> _Your assignment_:
Look below for the line with "2024年,国家系列稳增长政" and the line with "如果您去住酒店,民宿,或者出"; repeat exactly those two lines and all lines between them, but no pictures.

> _Records for this task_:
= = =

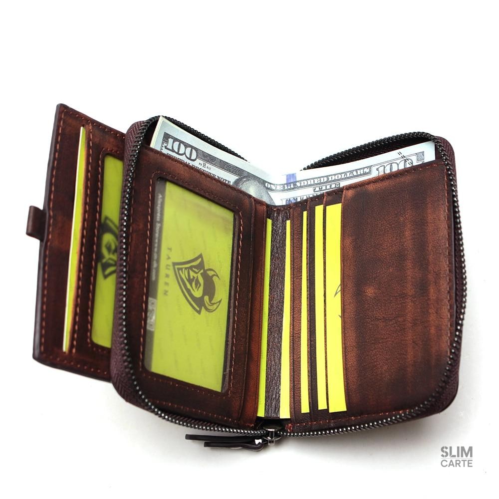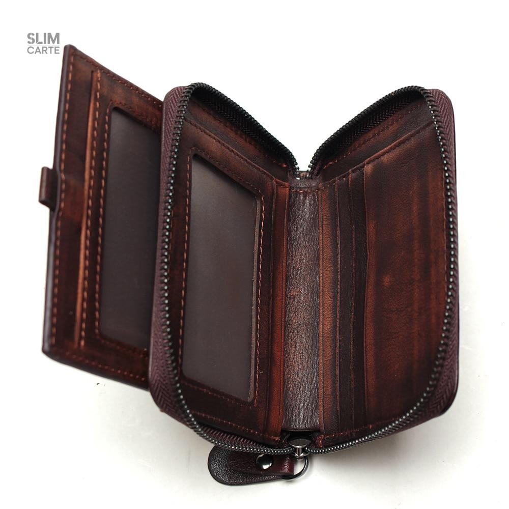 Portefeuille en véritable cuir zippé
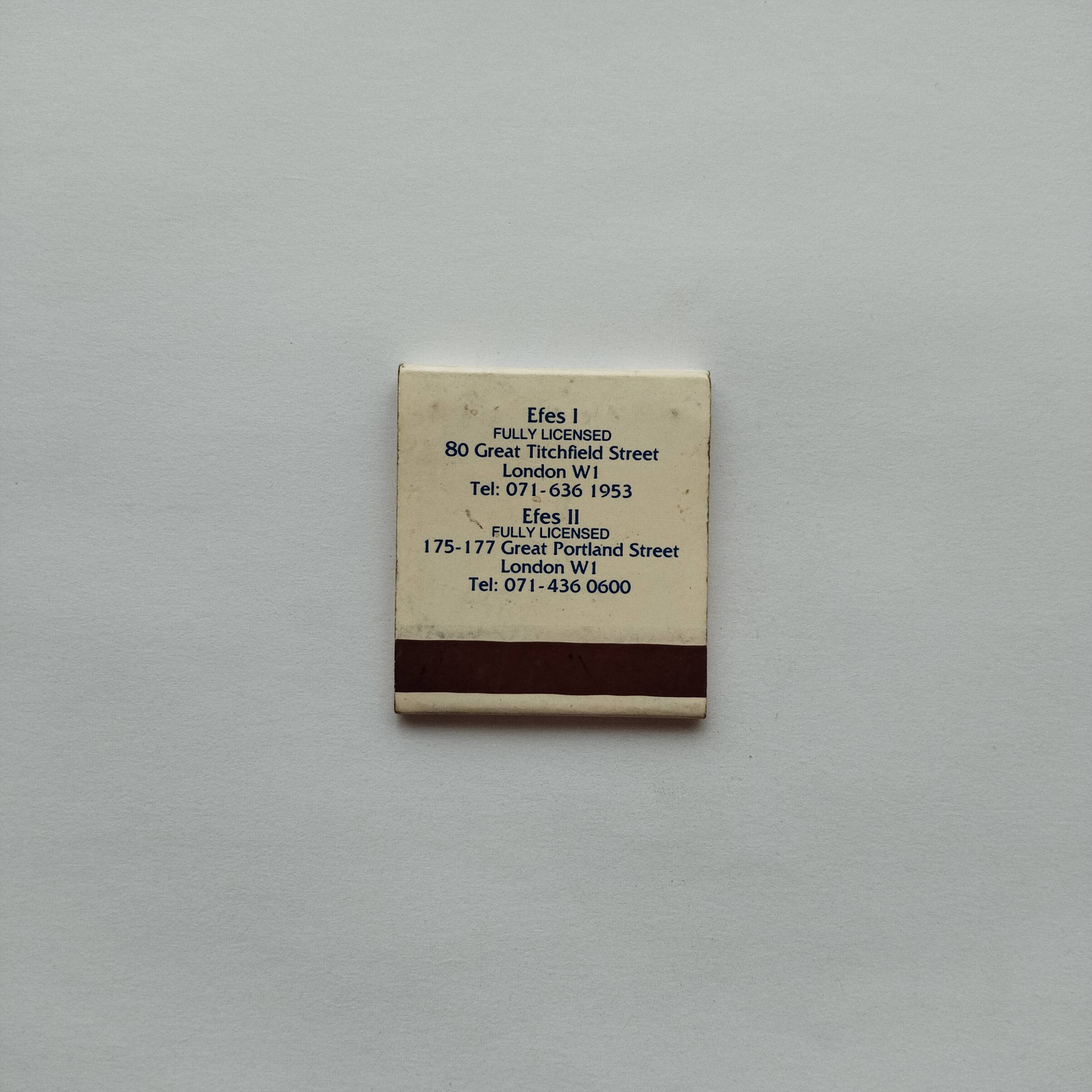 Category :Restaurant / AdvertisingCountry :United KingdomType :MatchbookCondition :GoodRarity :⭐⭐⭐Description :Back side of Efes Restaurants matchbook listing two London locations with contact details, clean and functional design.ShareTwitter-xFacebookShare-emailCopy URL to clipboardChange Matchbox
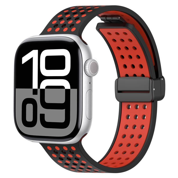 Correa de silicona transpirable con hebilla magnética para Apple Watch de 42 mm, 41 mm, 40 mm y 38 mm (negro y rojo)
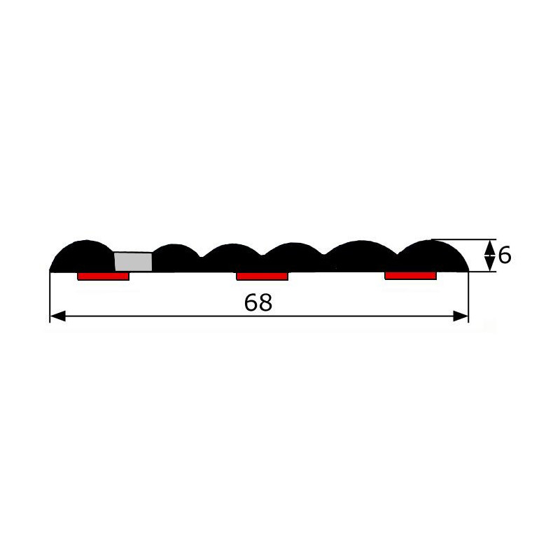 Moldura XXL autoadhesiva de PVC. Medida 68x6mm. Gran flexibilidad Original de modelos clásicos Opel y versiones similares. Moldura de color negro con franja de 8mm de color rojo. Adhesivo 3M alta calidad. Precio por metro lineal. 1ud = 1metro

= = =

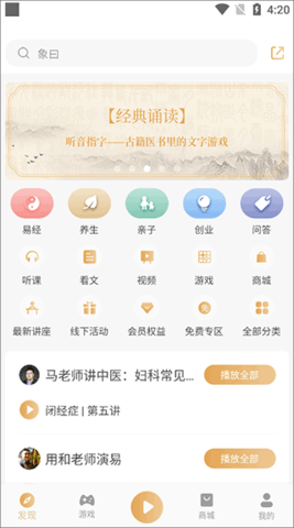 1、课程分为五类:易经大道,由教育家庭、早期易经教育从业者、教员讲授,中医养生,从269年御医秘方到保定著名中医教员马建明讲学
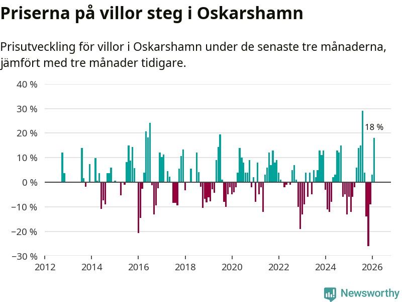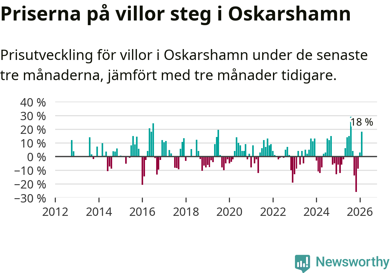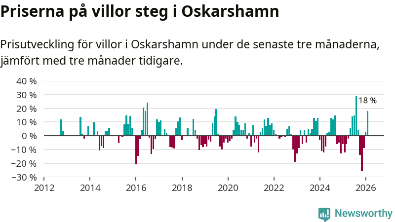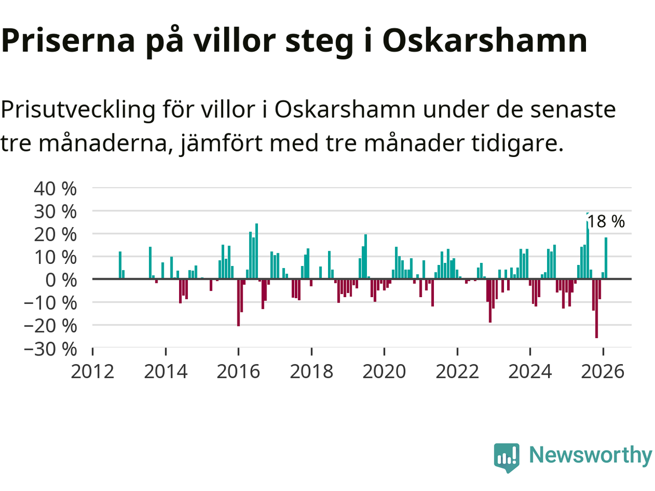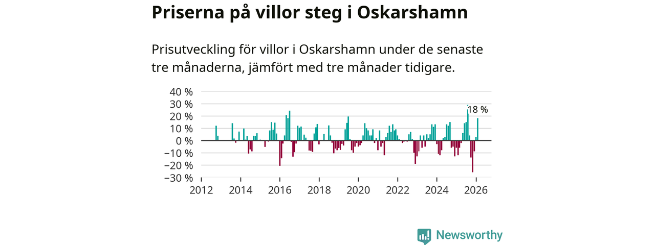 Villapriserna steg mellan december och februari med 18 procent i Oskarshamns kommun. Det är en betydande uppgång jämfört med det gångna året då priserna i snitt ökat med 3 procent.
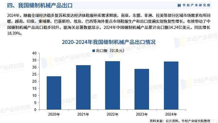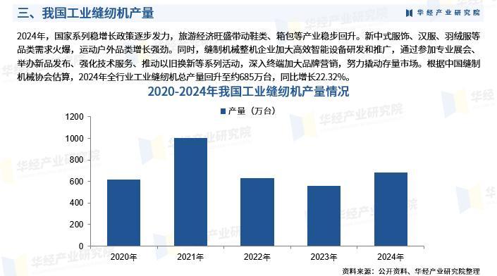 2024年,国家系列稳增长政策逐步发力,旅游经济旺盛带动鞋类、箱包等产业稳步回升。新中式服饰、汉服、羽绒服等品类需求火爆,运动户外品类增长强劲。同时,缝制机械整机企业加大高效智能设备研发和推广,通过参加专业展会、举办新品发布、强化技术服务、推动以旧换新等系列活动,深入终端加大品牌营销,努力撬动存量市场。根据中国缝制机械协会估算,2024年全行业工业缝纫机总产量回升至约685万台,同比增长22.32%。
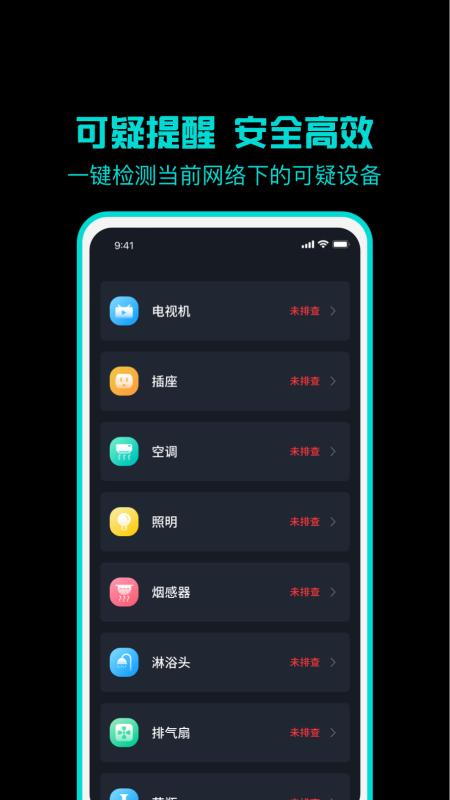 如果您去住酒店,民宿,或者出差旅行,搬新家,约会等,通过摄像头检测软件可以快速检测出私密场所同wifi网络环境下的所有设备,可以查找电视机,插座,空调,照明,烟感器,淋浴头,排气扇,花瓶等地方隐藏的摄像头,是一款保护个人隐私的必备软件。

= = =

> _Result below_:
 2024年,国家系列稳增长政策逐步发力,旅游经济旺盛带动鞋类、箱包等产业稳步回升。新中式服饰、汉服、羽绒服等品类需求火爆,运动户外品类增长强劲。同时,缝制机械整机企业加大高效智能设备研发和推广,通过参加专业展会、举办新品发布、强化技术服务、推动以旧换新等系列活动,深入终端加大品牌营销,努力撬动存量市场。根据中国缝制机械协会估算,2024年全行业工业缝纫机总产量回升至约685万台,同比增长22.32%。
 如果您去住酒店,民宿,或者出差旅行,搬新家,约会等,通过摄像头检测软件可以快速检测出私密场所同wifi网络环境下的所有设备,可以查找电视机,插座,空调,照明,烟感器,淋浴头,排气扇,花瓶等地方隐藏的摄像头,是一款保护个人隐私的必备软件。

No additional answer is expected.